It has been reported that I was offered an opportunity to join the San Francisco Assessor's Office. A recent letter to the Bay Guardian urged me to take the position because San Francisco could use someone like me in the office.

As I reviewed all of my options, one was to play it "safe" and to run for assessor four years from now. But that's not what I nor my campaign was ever about.

I ran because I had the training and the experience to do the job well. My background as a tax attorney, certified public accountant, senior tax specialist and instructor with the Internal Revenue Service, and member of the Assessment Appeals Board for the last eight years gives me the skills, insight, and experience to make significant contributions to the office.

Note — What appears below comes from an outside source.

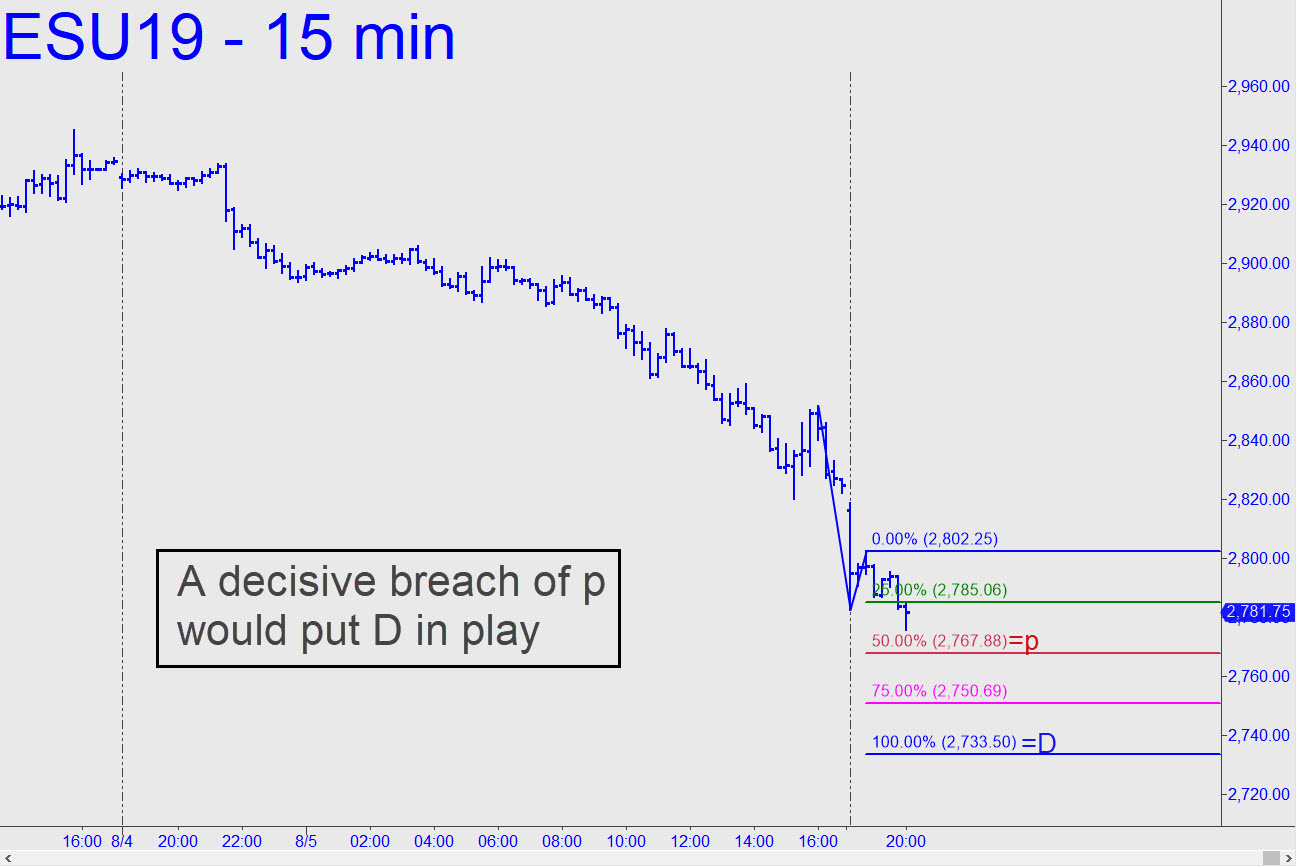 Today’s 110-point drop can be a little intimidating, but an ABC pattern is an ABC pattern, and its magnitude should have no bearing on our ability to target the move. (Recall the scene in Hoosiers when Gene Hackman measured the distance from the basketball court floor to the rim and found it to be 10 feet, even though the court itself was in a 10,000 seat arena.) Anyway, we should look for the selloff to continue to at least p=2767.88, but a breach would portend more slippage to as low as 2733.50 over the near term. ‘Mechanical’ and countertrend trades will perforce be riskier than usual in dollar terms, but the rules for executing them are the same. _______ UPDATE (Aug 6, 10:06 p.m.): DaBoyz recouped a third of the futures’ recent losses with the help of some urgent short-covering. Keep in mind that nothing has changed to mitigate the tariff war, only that China has finally placed a bid under the yuan, setting off a bear-squeeze panic in the dead of night. Shorts are the only buyers here, so we’ll stand aside and let them shoot holes in their feet with semiautomatic weapons.

My vision was to make the office more efficient and to be sure that all property owners have their property taxed accurately and fairly. For those who thought they can beat the "system," I wanted them to get a nice letter from the Assessor's Office saying "Hi, can we talk?" And finally, one of the most important issues to me was my idea that the domestic partners should be treated fairly under the property tax laws.

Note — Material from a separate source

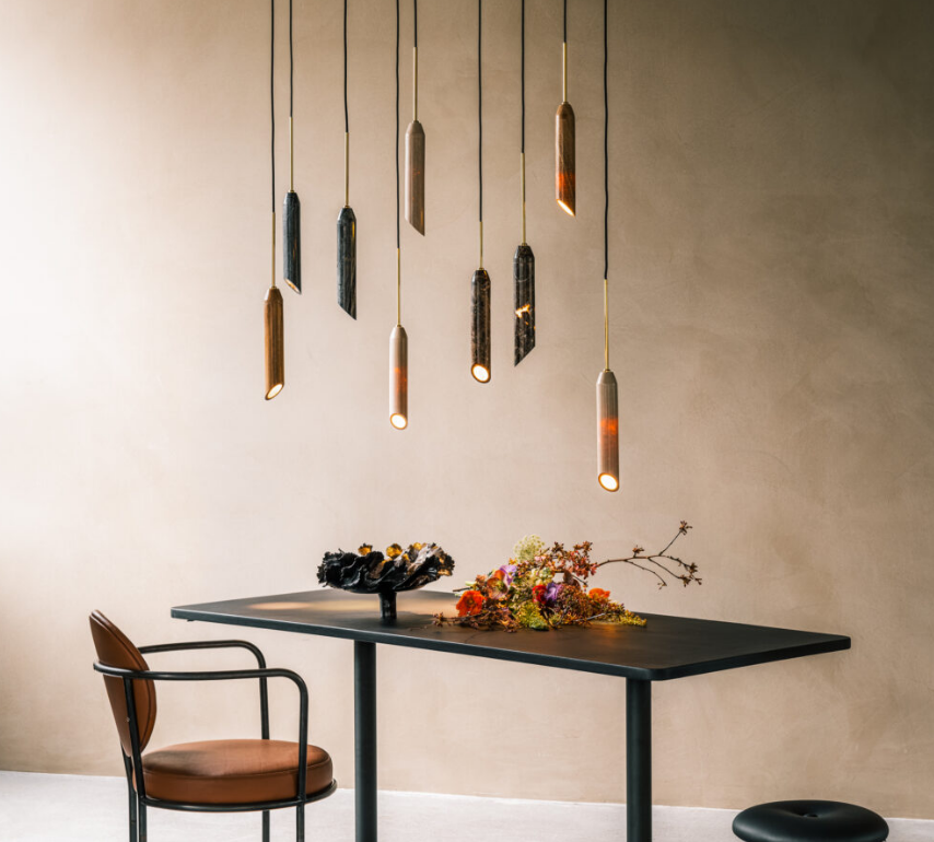 The Marble Art pendant is an elegant lamp providing a direct down light. The body is a smooth polished marble cylinder with gold suspension. Each lamp has a unique pattern due to the nature of the marble stone thus the name; Marble Art. This is not just an ordinary downlight. The width of the light-cone can be adjusted from narrow to wide. Body in marble and structure in plated iron.

Now I have an opportunity to go into the Assessor's Office and bring about changes, albeit, not as the assessor, but as the deputy assessor in working together with Doris.

I realize there is a lot of risk in taking this position. But a good friend told me, "Vivir con miedo es vivir media vida" – it's a proverb that says, "A life lived in fear is a life half lived."

So, with that said, and with the blessings of my loving wife, Cindy, I am going to take the chance and join the Assessor's Office very soon. I think that the next sound you will hear will be me hitting the ground with some groundbreaking work.

Ron Chun San Francisco

Stay underground

By courting a kind of antiauthoritarian celebrity in the pages of the Bay Guardian, cover boy Jim Meehan and photographed spokesman Tim Pozar have succeeded in overexposing a movement that could only thrive underground ["High Wireless Act," 6/12/02]. Indeed, in a society whose highest priority is profit, how could pirating of Internet access persist as anything but an underground activity?

Thomas Radwick San Francisco

FBI abuses

Great news about Judi Bari and Darryl Cherney finally getting their truth out in the form of an important civil rights verdict. What a violation to all of us when government agency members pursue defaming reputations for political purposes. Criminal charges ought to be available for such abuses.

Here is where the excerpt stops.